Namun orang tersebut tidak bergeming, tetap ngotot
mengakui tanah itu adalah miliknya. Akhirnya dengan terpaksa Habib Salim mendatangi
sang ayah, Habib Umar bin Hafidz, seraya menjelaskan semuanya. “Abah, si
fulan mengaku-aku tanah kita yang ada di daerah sana adalah miliknya,” tutur
sang anak.
Habib Umar malah menanggapi perkataan anaknya itu
dengan senyuman, lalu berkata: “Kalau begitu kita ikhlaskan saja tanah itu
untuk dia.”
Sang anak menjadi terheran-heran, barangkali ada yang
salah didengar ia mencoba memastikan: “Tapi, bukankah surat-surat resmi
tanah itu ada di tangan kita?
Habib Umar kemudian menjawab: “Salim... kita tidak
akan berseteru dengan saudara Muslim kita hanya karena urusan duniawi.
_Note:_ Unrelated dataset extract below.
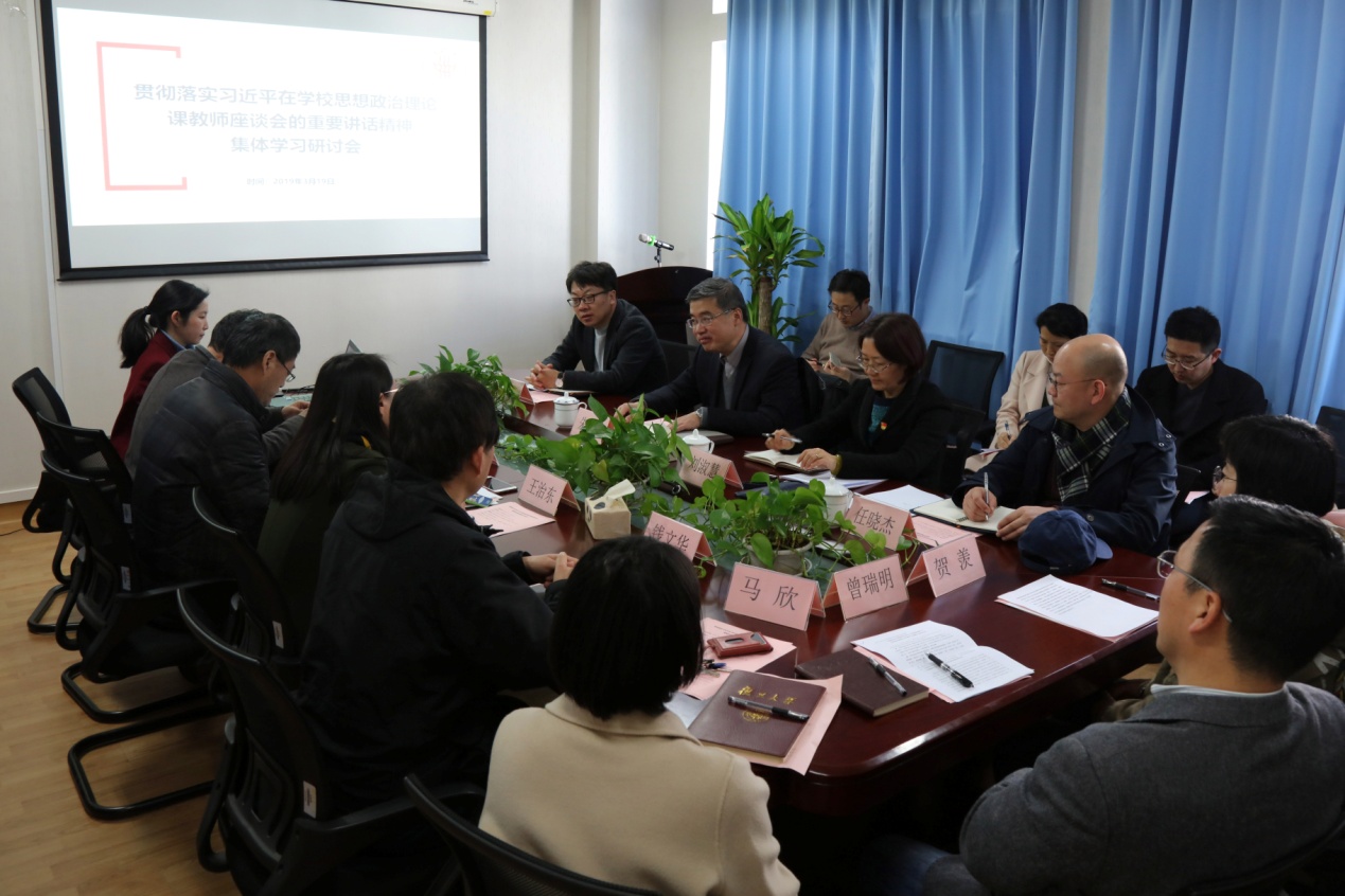 3月18日,习近平总书记主持召开学校思想政治理论课教师座谈会并发表重要讲话。为认真贯彻落实习近平总书记重要讲话精神,3月19日下午,党委书记朱民走进马克思主义学院,与学院党政班子成员、马克思主义理论学科带头人及一线思政课教师代表集体学习研讨,共话思政课改革创新与教师队伍建设。党委副书记刘淑慧及相关部门负责人参加学习研讨会。集体学习由马克思主义学院党总支书记、院长王治东主持。

Kita tidak
akan pernah memperebutkan dunia dengan siapapun. Seandainya dia juga mengakui
rumah kita ini, kita akan ikhlaskan rumah ini untuknya. Kita masih bisa tidur
di mobil kita.”
(Diolah dari
tulisan Ahmad Afif Tawes, santri
Indonesia di Yaman, yang mendengar langsung dari penuturan al-Habib Salim bin Umar
bin Hafidz sewaktu mengadakan “ijtima’ khusus” dengan jamaah haji tahun ini).